GOP Pushes Back Against Democrat-Led Gun Control Efforts


WASHINGTON, DC - SEPTEMBER 27: U.S. Senator Lindsey Graham (R-SC) speaks at the Senate Judiciary Committee hearing on the nomination of Brett Kavanaugh to be an associate justice of the Supreme Court of the United States, on Capitol Hill September 27, 2018 in Washington, DC. A professor at Palo Alto University and a research psychologist at the Stanford University School of Medicine, Ford has accused Supreme Court nominee Judge Brett Kavanaugh of sexually assaulting her during a party in 1982 when they were high school students in suburban Maryland. (Photo By Michael Reynolds-Pool/Getty Images)

WASHINGTON, D.C. – SEPTEMBER 27: Sen. Lindsey Graham (R-S.C.) spoke at a Senate Judiciary Committee hearing on Capitol Hill September 27, 2018 in Washington, D.C. (Photo By Michael Reynolds-Pool/Getty Images)


Republicans are pushing back on a Democrat-led call for gun control, after the left said it will act in light of two deadly shootings.

Democrats renewed their push for gun control after separate shootings in Georgia and Colorado, pointing to two recently passed House bills aimed at expanding background checks.

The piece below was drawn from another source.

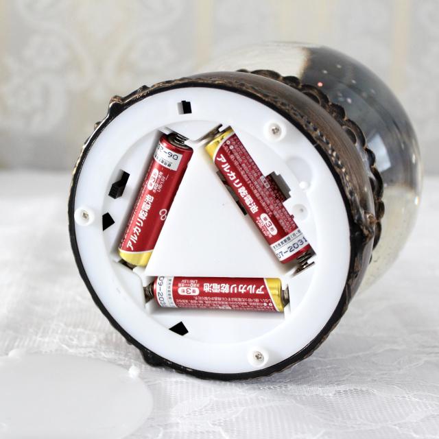 スイッチを入れるとLEDライトが点灯し中のラメが舞います。
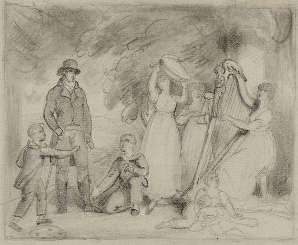 Editor: Winslow Homer's pencil drawing, "Playing Cards," created in 1862, captures a scene that feels simultaneously mundane and significant. There's a weariness that permeates the sketch, despite the casual activity. What layers do you unpack when you look at this drawing? Curator: Oh, this transports me. It’s almost as if I can hear the faint murmur of conversation, the shuffle of cards against worn uniforms. It's not just men passing the time, it's a glimpse into their resilience. Don't you feel the stillness around their concentration? These are likely Civil War soldiers—1862 was a brutal year—and Homer offers us a vignette of life away from the battlefield. Look how delicately he renders their faces, each a study in fatigue, but also a spark of humanity refusing to be extinguished. Editor: It's interesting you say that. To me, the figures seem a bit unfinished, maybe even impersonal? Curator: Ah, but is that impersonal, or universal? Homer is less concerned with individual portraiture and more invested in conveying the collective experience, the shared circumstance. The tent in the background… does it feel like shelter or confinement? And the game of cards itself, is it chance, strategy, or a desperate attempt to control some small aspect of their fate? Perhaps a blend of all three? He's not documenting war as glory, but as lived experience. Editor: That really reframes my perspective. It makes you wonder about their stories. Curator: Exactly! And that, for me, is where the true power lies. The image resonates with honesty. It asks us to consider what these moments of quiet mean in times of conflict, for any of us. We search for an opening, a card to play... it is so delicately powerful. Editor: I appreciate how you draw out the quiet complexities of such a simple scene. Curator: The quiet often whispers the loudest, doesn’t it?

Top Democrats, like Senate Majority Leader Chuck Schumer (D-N.Y.), said this time the Senate will be different. He promised the Senate would take up the gun control debate and address the “epidemic of gun violence in this country.”

His comments were echoed on Wednesday by Kamala Harris, who called on Congress to pass gun control measures.

“The point here is Congress needs to act. On the House side, they did,” Harris said. “There are two bills which the president is prepared to sign, and so we need the Senate to act.”

Reports pointed out the Senate has not passed any significant gun control legislation since then-President Clinton signed the 10-year assault weapons ban into law in 1994, which expired in 2004.

On Tuesday, Senate Minority Leader Mitch McConnell (R-Ky.) said he was open to discussing gun control legislation, but didn’t indicate if any actual talks would take place.

Senate Republicans have pushed back on the idea, including Sen. Ted Cruz (R-Texas). On Wednesday, Cruz said he’s been leading the fight to end gun violence, and introduced legislation in 2013.

Sen. Ted Cruz, R-Texas, speaks during a Senate Foreign Relations Committee hearing on the nomination of Samantha Power to be the next Administrator of the United States Agency for International Development (USAID), Tuesday, March 23, 2021 on Capitol Hill in Washington. (Greg Nash/Pool via AP)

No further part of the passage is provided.